I made a hook-like piece of wire and stuck it in the hole. Then I rotated the wire to see whether and where it ran into the stud. I thought I had it figured out and drilled a second hole. This too ran right into a hollow space. Now I was running out of ideas, and feeling pretty stupid.

Since there were electrical wires attached to some of the studs back there, including the 240 volt circuit for the dryer, I didn't want to be driving a screw into one of those wires. I decided I needed to know for sure where the studs are, so I cut a rectangular hole in the drywall big enough for me to see in with a flashlight.

That worked and I could see why I had been confused. I had scabbed a 2x4 onto the 2x6 stud to provide backing for the drywall on the opposite side. This was to make up for moving the wall next to the toilet to correct a framing error that the plumbers had pointed out to me. So my wire probe had hit the 2x4 but there was still a one inch air gap that my screw had gone into.

With the studs accurately located, I glued the rectangle of drywall back into the hole and screwed the cabinet to the wall. It came out very nice and I was happy to get those two cabinets hung even if it took a whole day.

On Thursday morning I was pleasantly awakened by the sound of snow sliding off the roof and plopping on the snowbank below. It had snowed 8 inches overnight. I was glad to have firewood stacked on the back porch so it was easy to get a fire started in the stove. It was very pleasant to have a cozy fire going and to see all the trees beautifully dressed in new snowfall. Winter is definitely my favorite time of year up at Camp Serendipity.

After breakfast and my exercises, I replaced the covers on the remaining switches and receptacles, except for two receptacle boxes that are only roughed in. Since I hadn't been careful in my installation of the electrical boxes, some of them were set back a quarter of an inch or so too deep. And one in the entry room was crooked with one side sticking out of the wall too far.

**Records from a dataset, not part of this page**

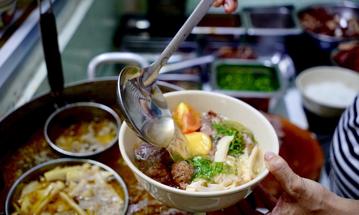 Phần bún măng bò thập cẩm với topping thịt, bắp, bò viên, trứng chần. Ảnh: Tuấn Anh
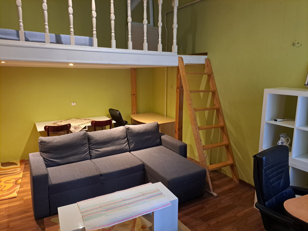 A József körúton kiadó egy lift nélküli társasház 2.emeletén található, 31 négyzetméteres, belső udvarra néző, teljesen gépesített és bútorozott, galériás lakás.
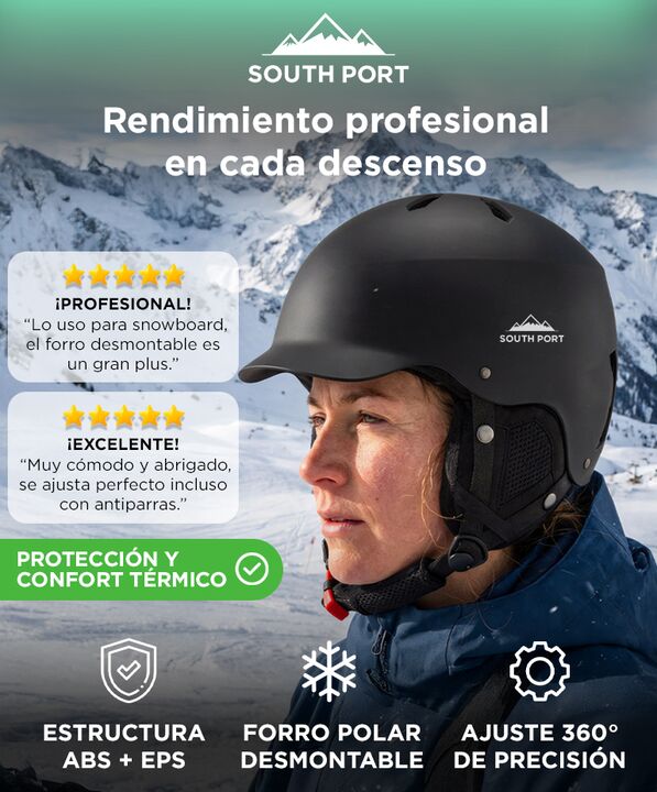 PROTECCION ABS MAS EPS DE ALTO IMPACTO El casco Acon Southport esta construido con carcasa exterior de ABS resistente y nucleo interior de EPS de absorcion de impactos. Esta combinacion brinda proteccion confiable frente a golpes durante la practica de ski o snowboard. Los materiales utilizados son ...
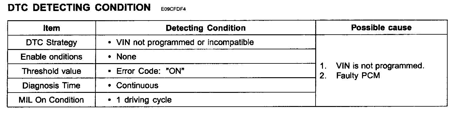 If the VIN writing is not programmed or incompatible, the PCM determines that a fault exists and a DTC is stored.MIL(Malfunction Indication Lamp) turns on when the malfunction lasts till 1 driving cycle.

For the one that stuck out too far, I made a sheet metal clip that caught the back of the drywall and then bent over the edge of the box to hold it back flush with the drywall. That worked slick, except that I installed it while the circuit was energized and I accidentally zapped my screwdriver. It blew the breaker, which I reset with no problem, but it made a nick in one corner of the screwdriver. I ground it out with the grinder to almost restore it. I knew better but I thought I could get away with it.

On the receptacles and switches that were too far in, I sawed short sections of little plastic tubes that are on the inside of the doggie poop bags we use. I stuck these little sections behind the device and in front of the tabs on the boxes where the screws go. That brought the devices out flush with the drywall and made the covers fit nice and flush. More work to make up for my earlier carelessness and stupidity.

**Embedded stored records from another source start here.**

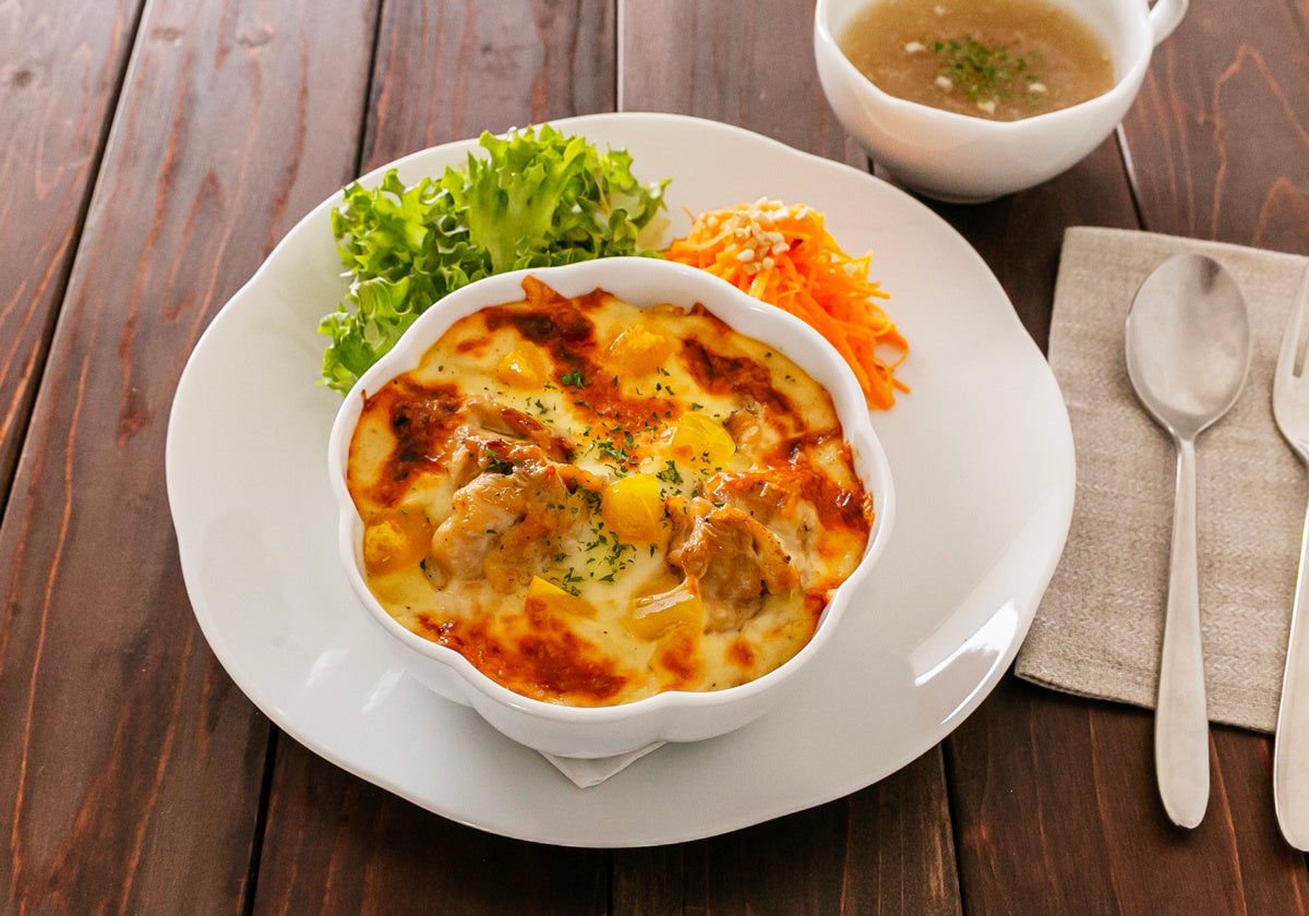 熊本県産の栗の甘露煮を使用した、ほんのり甘みのある栗のホワイトソースに、鶏ごぼうごはんを合わせ、チーズをかけて香ばしく焼き上げました。和風のごはんに洋風なホワイトソースが絶妙な相性です。
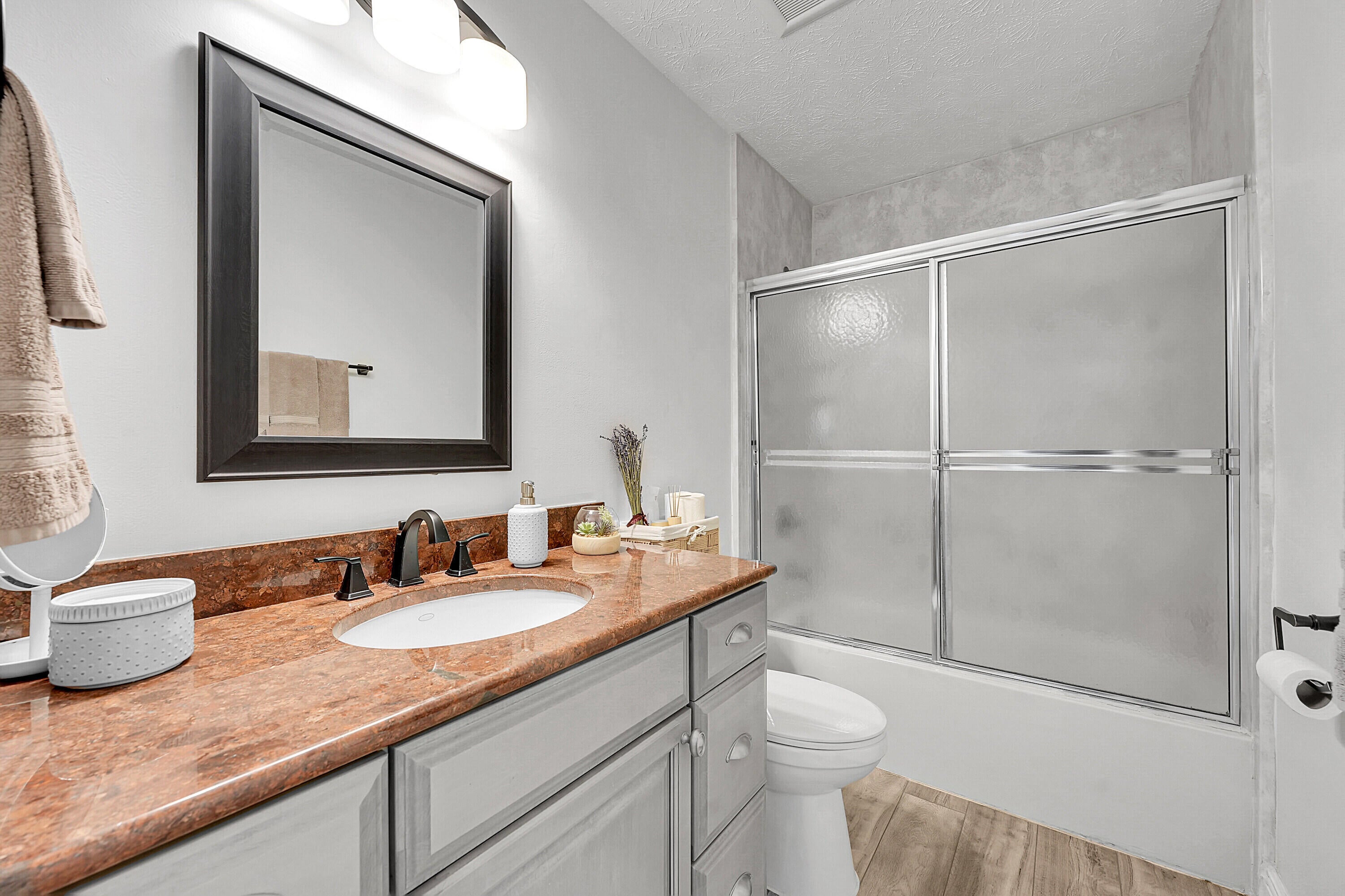 Welcome to your dream home in the perfect location! This stunning 3-bedroom 2-bathroom and pool has been maintained and is ready for you to move in. Great size Pool with gazebo-bar screened, shed in the backyard and extra-long driveway on left side of the house perfect for boat and RV. Beautifull updated with laminate wood floors, French Doors, Crown Molding, open concept with an L Shaped kitchen with Stone Countertops, stainless steel appliances Samsung, LG & Gray Cabinets. Metal roof installed in 2016. Concrete Block construction, Impact glass windows throughout the house. Wood Fence. Convenient location, close toCrosstown Parkway, shopping, dining, schools and parks! Turnkey condition!
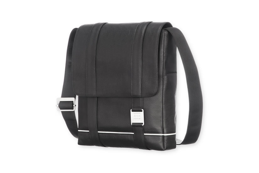 Taška je vyrobena z černé měkké kůže. Zavírá se pomocí klopy na magnety a má nastavitelný popruh přes rameno. Uvnitř jsou 2 velké kapsy, jedna z nich určena na tablety a notebooky do velikosti 11 a dále menší kapsa na zip a kroužek na klíče. Rozměry: 24 x 28 x 6 cm

After admiring all the cover plates, which really make the walls look finished, I moved the extra cabinet, which is too wide, out of the bathroom and carried it up to the loft. It is a fairly heavy cabinet so it was sort of a chore getting it up the stairs, but I did it one step at a time. It's going to work out very well up there.

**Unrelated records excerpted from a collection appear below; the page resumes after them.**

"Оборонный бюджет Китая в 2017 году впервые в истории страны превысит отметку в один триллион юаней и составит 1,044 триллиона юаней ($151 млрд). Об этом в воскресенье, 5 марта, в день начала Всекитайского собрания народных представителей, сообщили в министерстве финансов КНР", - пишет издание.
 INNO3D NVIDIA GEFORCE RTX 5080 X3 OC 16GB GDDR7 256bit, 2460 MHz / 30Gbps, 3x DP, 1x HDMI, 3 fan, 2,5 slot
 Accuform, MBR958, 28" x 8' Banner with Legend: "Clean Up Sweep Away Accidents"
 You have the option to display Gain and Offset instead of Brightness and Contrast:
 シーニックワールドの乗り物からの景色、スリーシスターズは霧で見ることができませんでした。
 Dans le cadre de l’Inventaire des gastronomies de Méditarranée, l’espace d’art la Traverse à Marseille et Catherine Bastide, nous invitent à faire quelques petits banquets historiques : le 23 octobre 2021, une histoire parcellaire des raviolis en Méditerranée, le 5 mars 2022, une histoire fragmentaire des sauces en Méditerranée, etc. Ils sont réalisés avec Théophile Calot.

Next I put on my boots and went outside to shovel off the concrete staircase. It's fun to do when the snow is fresh and it's nice to have the stairs clear anyway. When I got to the bottom, I could see that the snowplow had run into my gate and knocked the concrete blocks off that I had attached to the end of the log as a counterweight. Fortunately nothing was damaged or broken but it was clear that I'd better take the gate down for the season.

I went back up to the cabin and got a scaffold frame, a come-along, and a short chain. I went back down and took down the gate log. Then I carried the frame, scaffold, and chain back up and got the two 1x2 wands and the cordless drill. I screwed one wand to the gate post and stuck the other in the snowbank at the end of the gate log. Then I used the drill to back the screws out a little that hold my street number sign to the tree. It was pretty tight and needed relaxing. I need to do this every year to accommodate the tree growth.

Then I went back in, had my lunch and left for home at 1:15. It was another fun week.